Si tratta infatti di pagine che affrontano temi diversi con forme e registri diversi
(perché un conto è rispondere a un’intervista, un altro scrivere una prefazione o un
articolo) ma partendo tutti da un identico presupposto etico.
Questo presupposto potremmo chiamarlo – ma poco importa definirlo, importa
praticarlo, viverlo – “responsabilità della parola”.
Ma cos’è una parola responsabile?
È quella parola che non si ferma al giudizio perché cerca la comprensione, la parola
che non scaccia via i dubbi ma li accoglie come parte essenziale della propria ricerca,
che non ha paura del diverso e dell’ignoto e che nel silenzio, nella riflessione e nello
studio, trova modo di rigenerarsi e rimettersi in cammino.

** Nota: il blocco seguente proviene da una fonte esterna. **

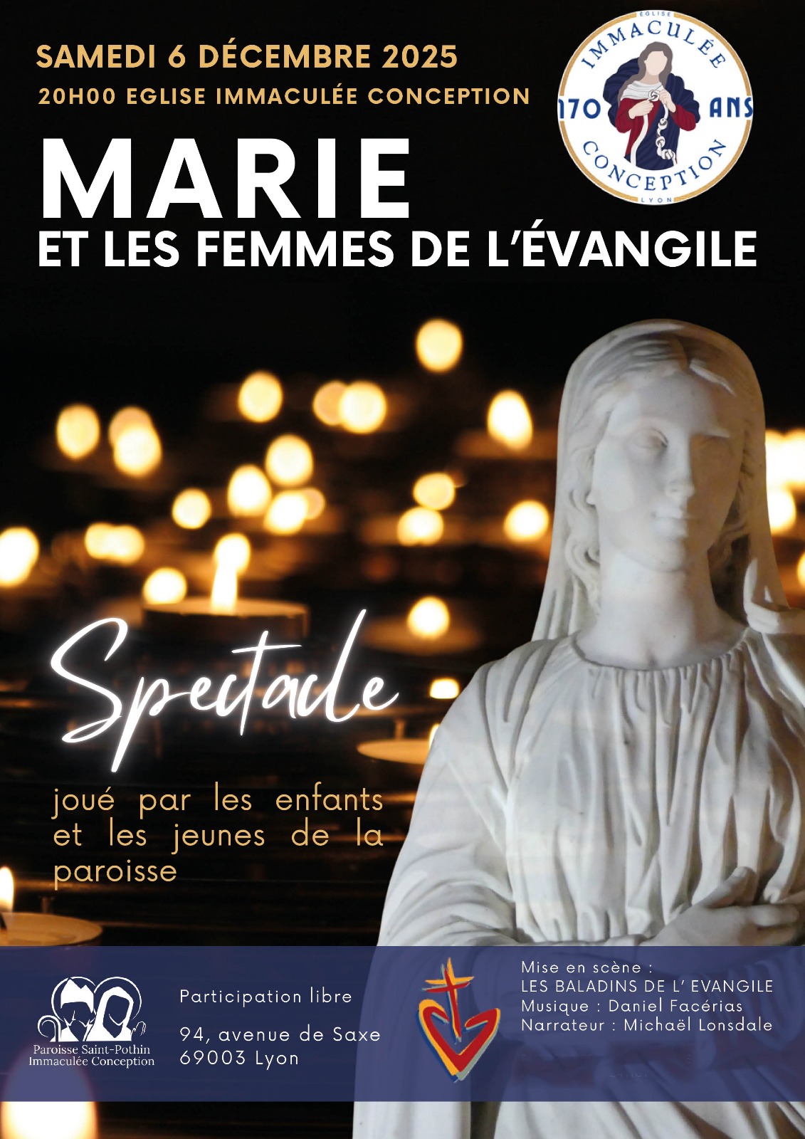 En cette année 2025 une belle et grande dame est à l’honneur : l’église de l’Immaculée Conception fête ses 170 ans ! A cette occasion, un spectacle se prépare avec l’équipe des Baladins de l’Evangile dont le thème sera « Marie et les femmes de l’Évangile » le samedi 6 décembre à 20h00.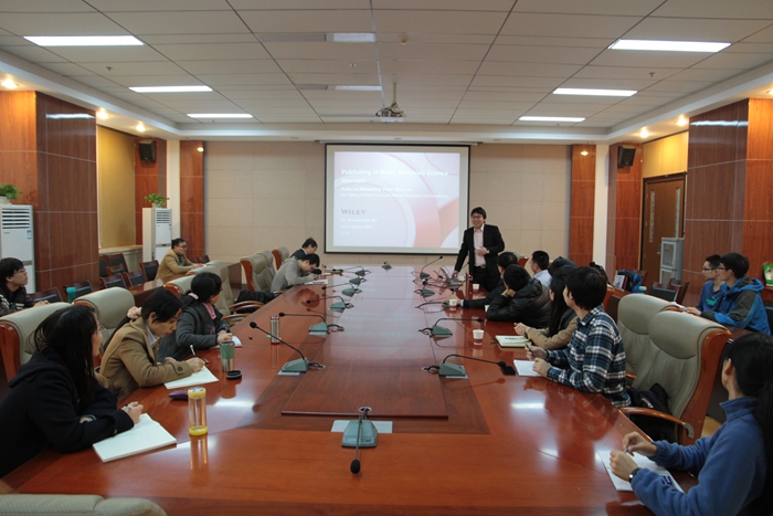 11月19日上午,Wiley出版集团的徐广臣博士来英国365集团公司就科研工作者在研究论文发表过程中的一系列问题作了题为“Wiley材料科学期刊论文发表—如何提高稿件的接受率?”的精彩的报告。报告会由薛东副院长主持,英国365集团公司曹睿,张伟,魏灵灵,丁立平,刘静,彭军霞,陈建刚等老师以及数十名研究生参加了报告会。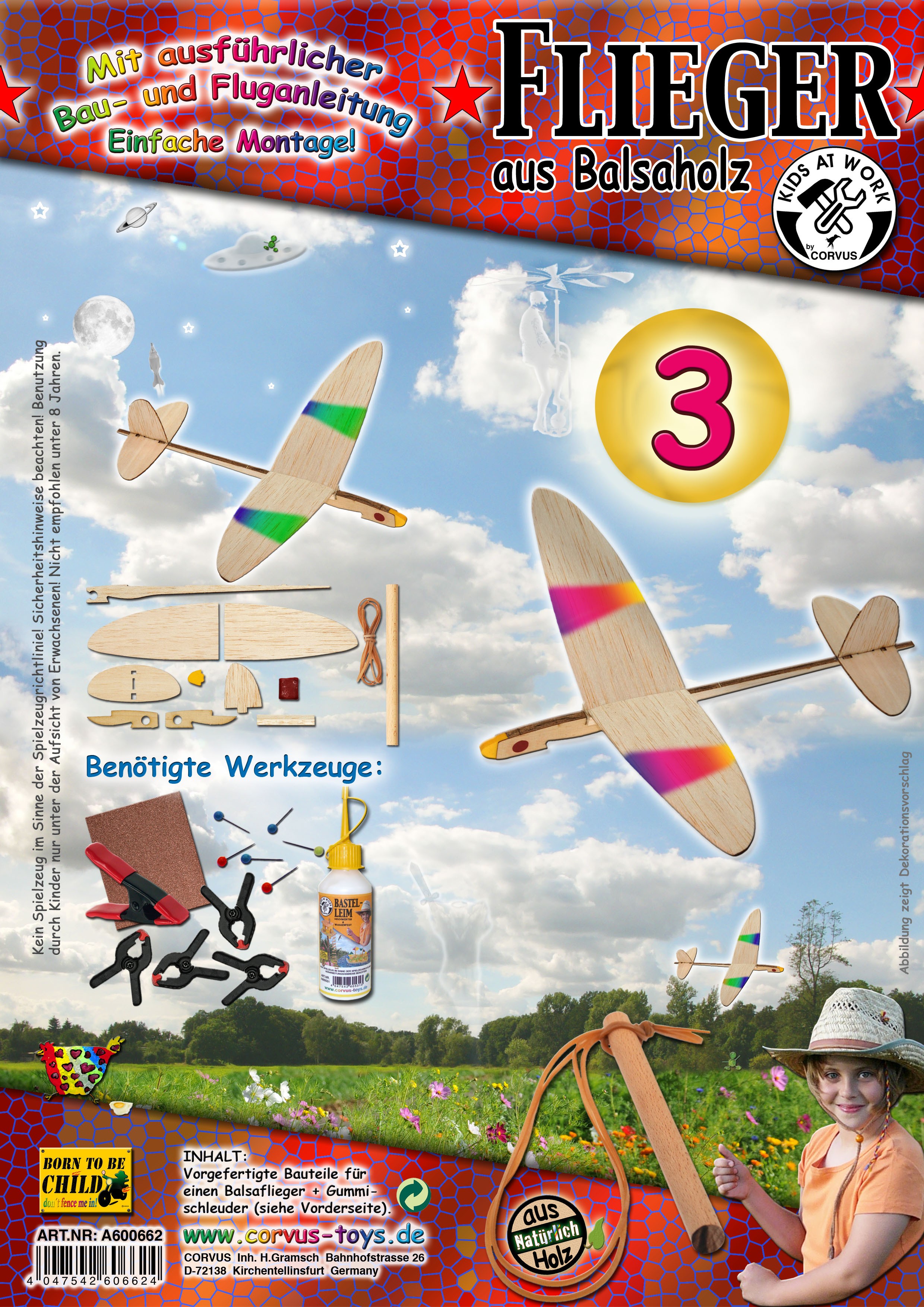 Inhalt: Vorgefertigte Bauteile für einen Balsaflieger, 1 Gummischleuder, ausführliche Bau- und Fluganleitung.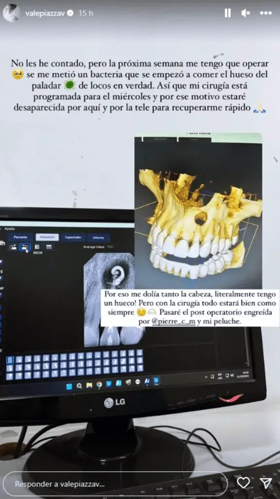 "No te lo he dicho todavía, pero me operarán la próxima semana. Una bacteria entró en mi cuerpo y comenzó a comerse los huesos de mi boca. "Realmente una locura", escribió Valeria.
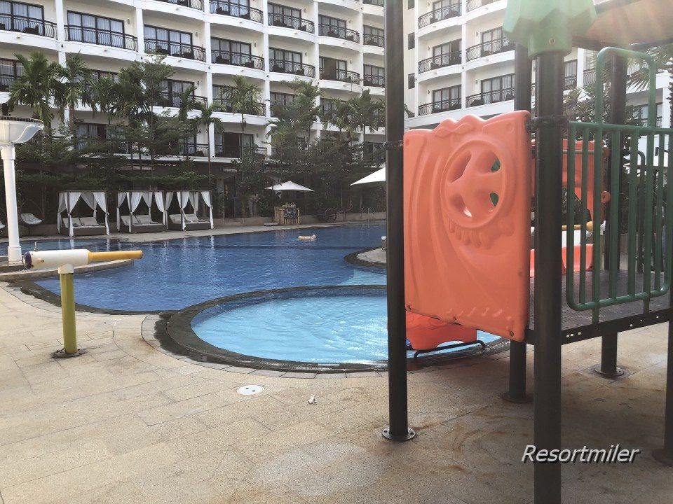 手前が子供用プールです。浅いのでファミリーでも安心ですね。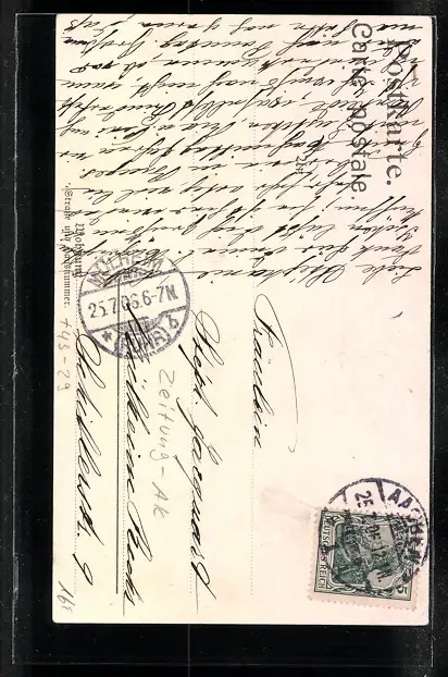Personenbezogene Daten auf der Rückseite der Karte wurden durch blauen Textmarker unkenntlich gemacht. Die blauen Stellen sind auf die Vorderseite durchgeweicht und wirken sich negativ auf das Postkartenfoto aus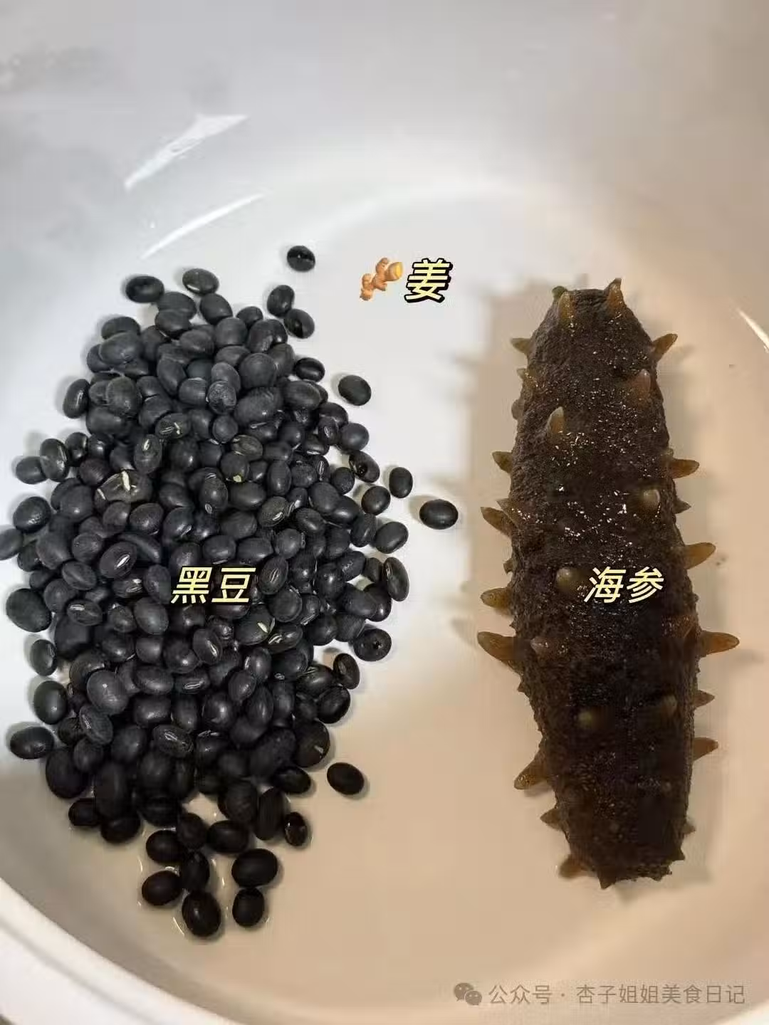 食材準備:黑豆小半碗、海參1條、姜兩片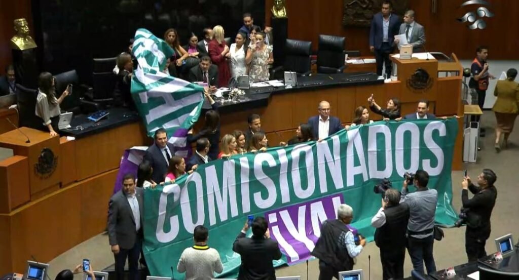 Así, las expectativas de nombrar al comisionado quedaron frustradas, por lo que la oposición tomó la tribuna al grito de “¡transparencia!”, y colocó grandes mantas en demanda de la designación. Mientras Monreal hacía llamadas desde su curul y pese a la intención de Alejandro Armenta, presidente de la Mesa Directiva del Senado, de continuar con los siguientes asuntos y tras varias mociones de orden, se impuso un receso por las protestas.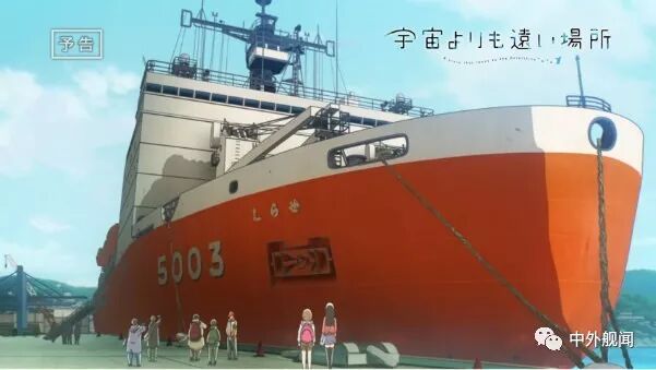 2 Z0 E4 u0 a3 U0 v+ F. P* q e( e 动画中这艘令少女们心驰神往,舷号5003的梦想之船,就是日本唯一的大型南极观测船“白濑”号(しらせJMSDF AGB5003)(二代)。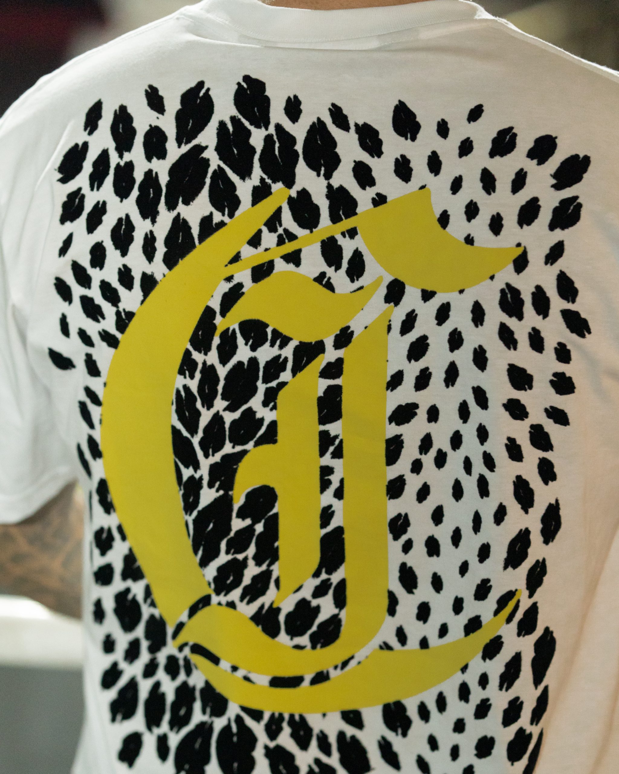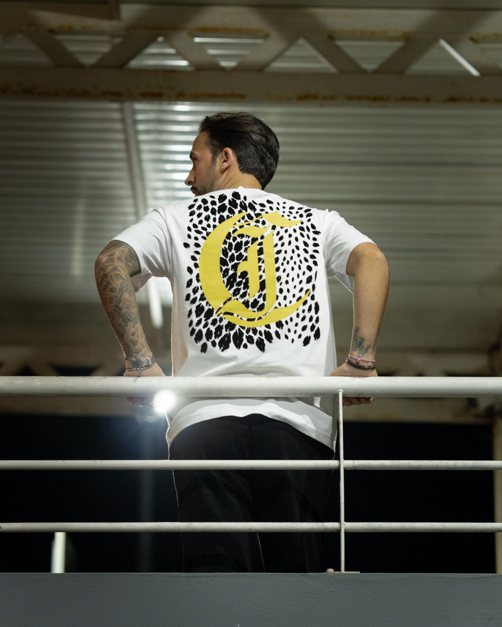 Nas costas, o destaque é absoluto: um grande monograma gótico em amarelo ocupa o centro da peça, enquadrado por um padrão de beijos/“spots” em preto, criando um efeito visual inspirado no animalier, típico do ADN Cavalli. O corte regular e o algodão macio fazem desta t-shirt uma escolha perfeita para looks urbanos de atitude.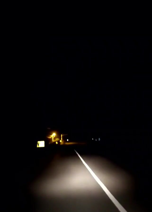 A car drives down a dark road at night, illuminated by its headlights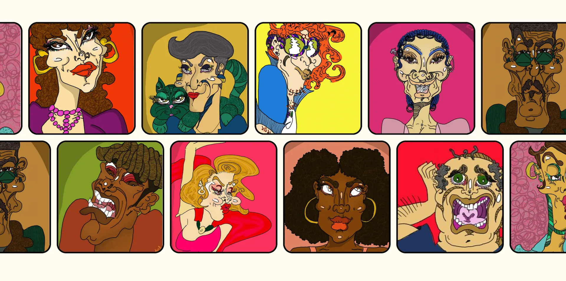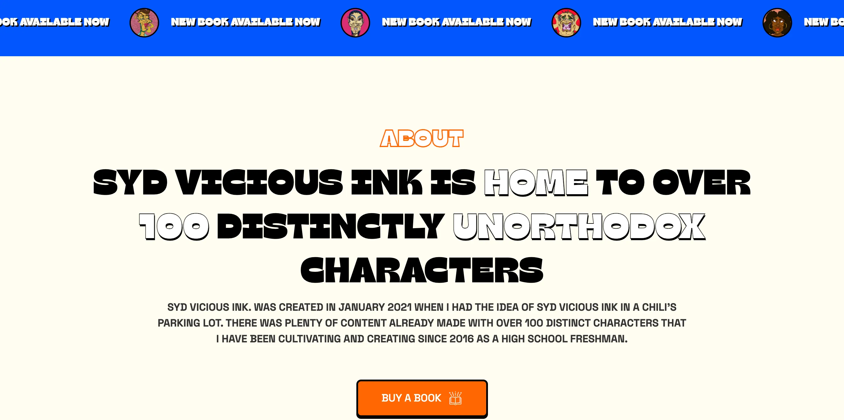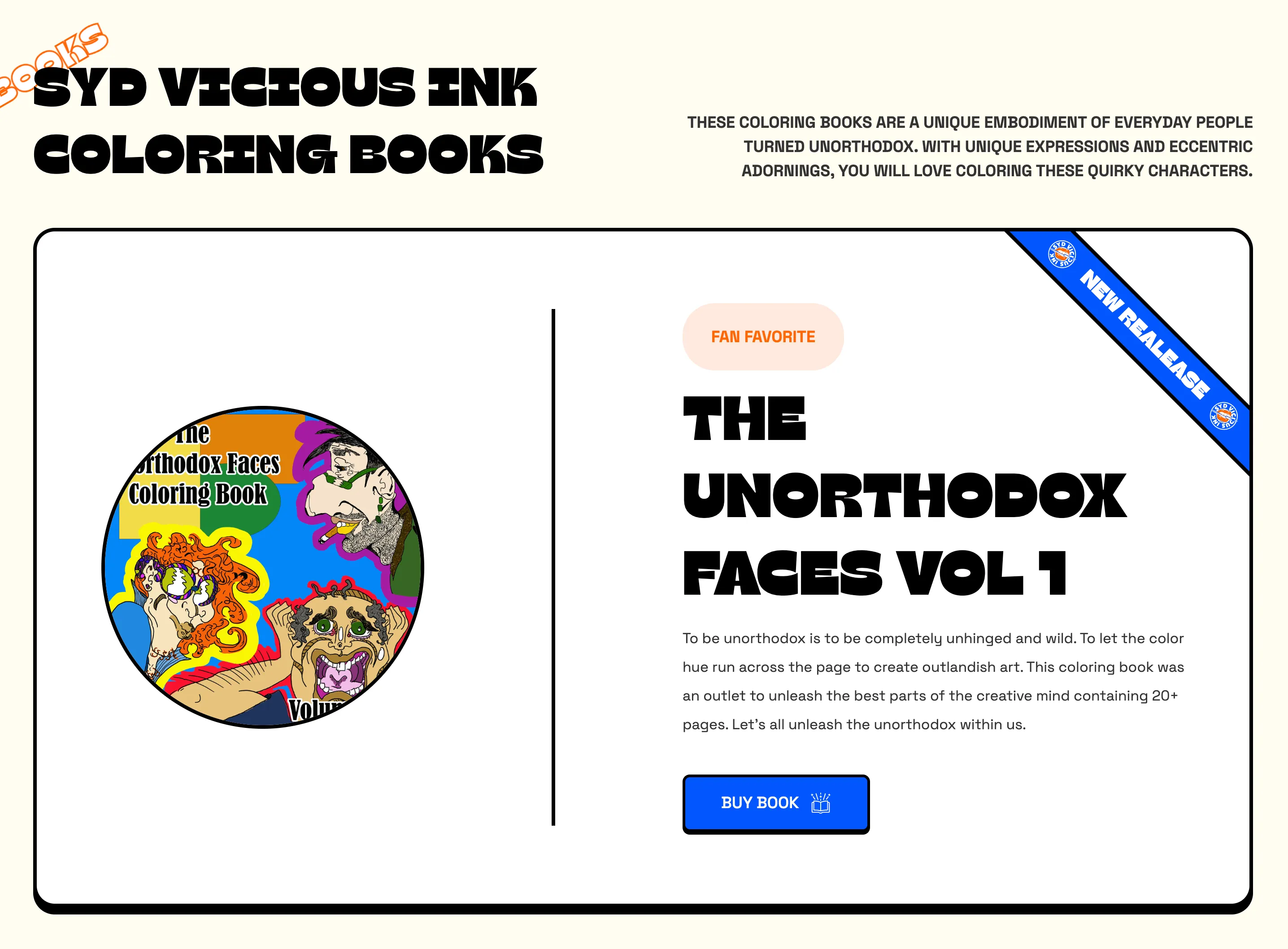 This website is truly one of a kind, featuring eccentric characters drawn by the young artist herself and large, bubbly typography. The hero section of the site displays an animation of multiple characters created by the artist. Scrolling down, users will find a sliding section of more unique characters as well as the available coloring books to be purchased. Clicking into each book reveals a description and a sneak peek at the coloring pages.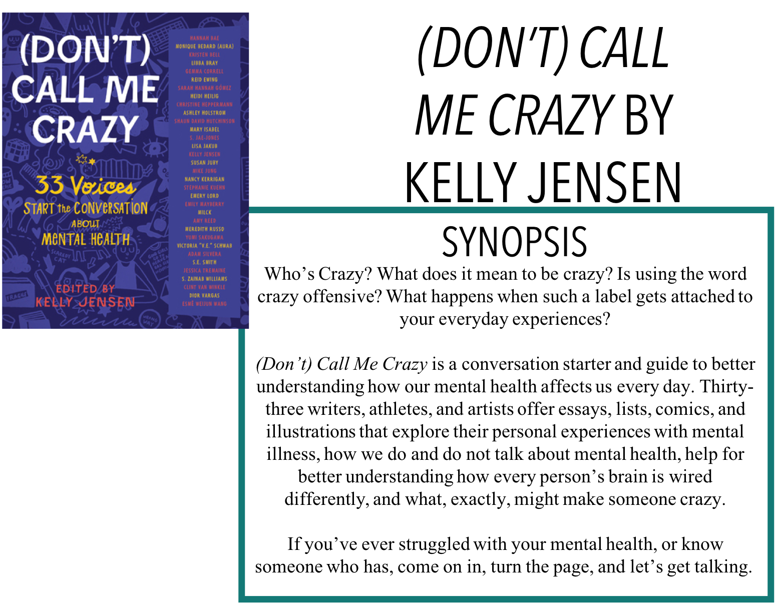 Review Don T Call Me Crazy 33 Voices Start The Conversation About Mental Health Edited By Kelly Jensen The Novel Hermit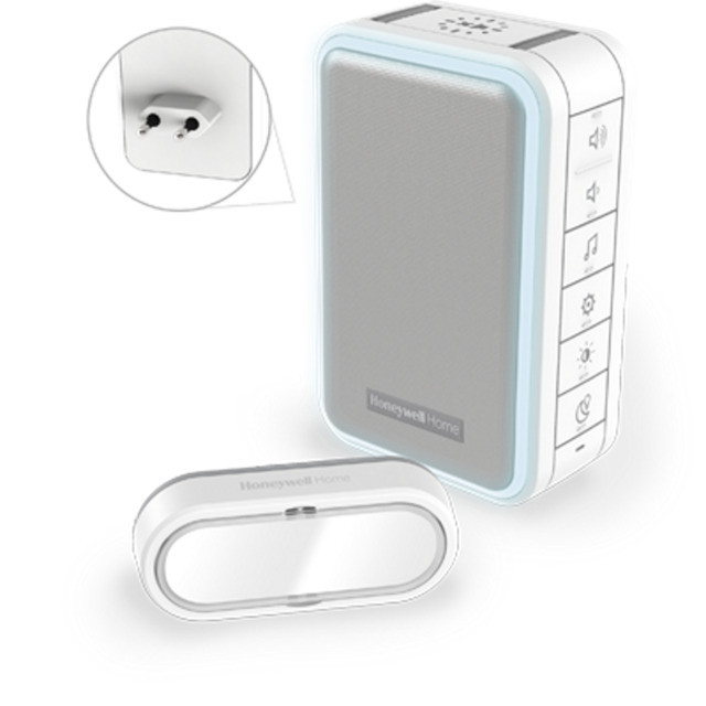 Serie 3 Einfache Installation - keine Verdrahtung erforderlich, kompaktes Design, Funkreichweite von bis zu 150 m (bei Feldbedingungen gemessen, Wände, Zimmerdecken und Metallstrukturen reduzieren die maximale Reichweite), Honeywell-ActivLink für zuverlässige Funkreichweite, digital verbesserter Klang mit Lautstärkeregelung. maximale Lautstärke von 84 dB, Hörbereich bis zu 80 m, Auswahl von 6 Melodien, Schlaf-/Stummmodus, optische Meldung durch HALO-Lichtring mit zusätzlichem LED-Blitzlicht, inklusive Halterungen, bis zu 2 Jahre Batterielebensdauer. Set enthält: Funk-Gong und Klingeltaster (inkl. Batterie CR2032 des Klingeltasters), Nachtlichtmodus mit Farbauswahl, bis zu 2 A Micro-USB-Ladestation, Stromversorgung: 100-240 V 50-60 Hz 300 mA

Inutile dire come questa responsabilità sia tanto più importante in un’epoca in cui il
potenziamento dei mezzi e delle reti di comunicazione ha esteso la comunità dei
parlanti e degli scriventi, con esiti non sempre positivi. Beninteso, il diritto di
espressione è sacrosanto, è una conquista di civiltà che dobbiamo tenerci stretti. Ma
quando è svincolato dall’etica della parola, della scrittura e della lettura (grave
problema del nostro Paese, ci ricordava il compianto Tullio De Mauro, è
l’analfabetismo di ritorno) rischia di trasformare i discorsi in mezzi di offesa, i
giudizi in etichette umilianti, le parole in veicoli non di verità ma di menzogna.
Di esempi se ne potrebbero fare molti, ma è sufficiente osservare il grado di volgarità
e di violenza che ha segnato in questi anni – non solo nel nostro Paese – il dibattito
sull’immigrazione, per rendersi conto del divorzio fra parola e responsabilità, tra
parola e verità. Se questa raccolta di scritti ha un’aspirazione, è quella di contribuire
nel suo piccolo a ridurre la frattura, affrontando con parole magari appassionate ma
oneste, temi oggetto di retorica, di demagogia, se non di manipolazione.
Un’ultima cosa voglio aggiungere riguardo al titolo, che si richiama appunto alla
parola verità associandola a un’altra che ne rappresenta in teoria la negazione: eresia.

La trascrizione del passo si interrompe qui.